BREVARD COUNTY, Fla. – A Florida Institute of Technology student is showcasing her art among the stars.

Nava Pishgar is studying aerospace engineering and is one of three winners of a national competition hosted by Students for the Exploration and Development of Space and satellite company Planet. The companies asked for participants to produce a work of art for one of Planet’s Dove satellites.

Before 11 p.m. EST on Sept. 2, more than two dozen Dove satellites were hoisted into low earth orbit by a Vega rocket launched from Kourou, French Guiana. Among them was a satellite with Pishgar’s roughly 2-inch wide, 14-inch long image of a hypnotic, swirling swath of wavy lines, sun-like circles to depict what appears to be an eye.
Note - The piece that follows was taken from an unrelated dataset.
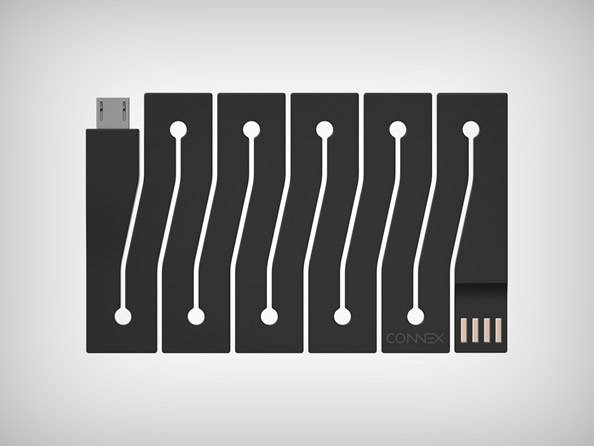 “Connex”设计其实很简单,用卡片的形式来设计数据线,大小差不多我们常规的信用卡,方便放入钱包、卡包之类的小包。由于采用柔软的硅胶材质,数据线还能延长不少,这有区别于其它纯卡式的数据线,实用性更强。
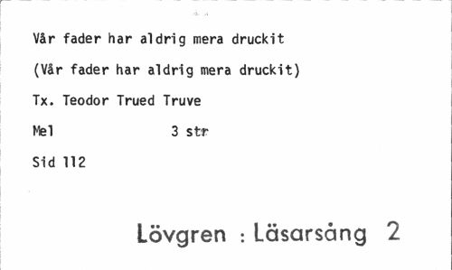 //// Vår fader har aldrig mera druckit (Vår fader har aldrig mera druckit) Tx. Teodor Trued Truve Mel 3 str //// Sid 112 //// Lövgren : Läsarsång 2 ////

The Brevard County native says the design is open for interpretation and features some of the elements of Persian art, a nod to her family’s roots and to her beloved aunt who is an artist as well and lives in Iran. Pishgar adds the wavy lines were also inspired by the Space Coast’s shoreline.

In a news released, Pishgar says she likes how both art and the cosmos rely on imagination and interpretation.

“You can have sunlight, horizons – you can have those ideas in your mind, make them more concrete, but in the end it’s all in the eye of what you see,” Pishgar said. “And space is in the eye of what you see.”

Her piece, originally drawn with Sharpie markers and pens was laser-etched onto the satellite.

Planet has now launched over 300 Dove satellites into space, and each has a side panel designed by an artist, “from toddlers to world famous illustrators,” the company said.

Pishgar’s piece is now orbiting in a venue above the earth.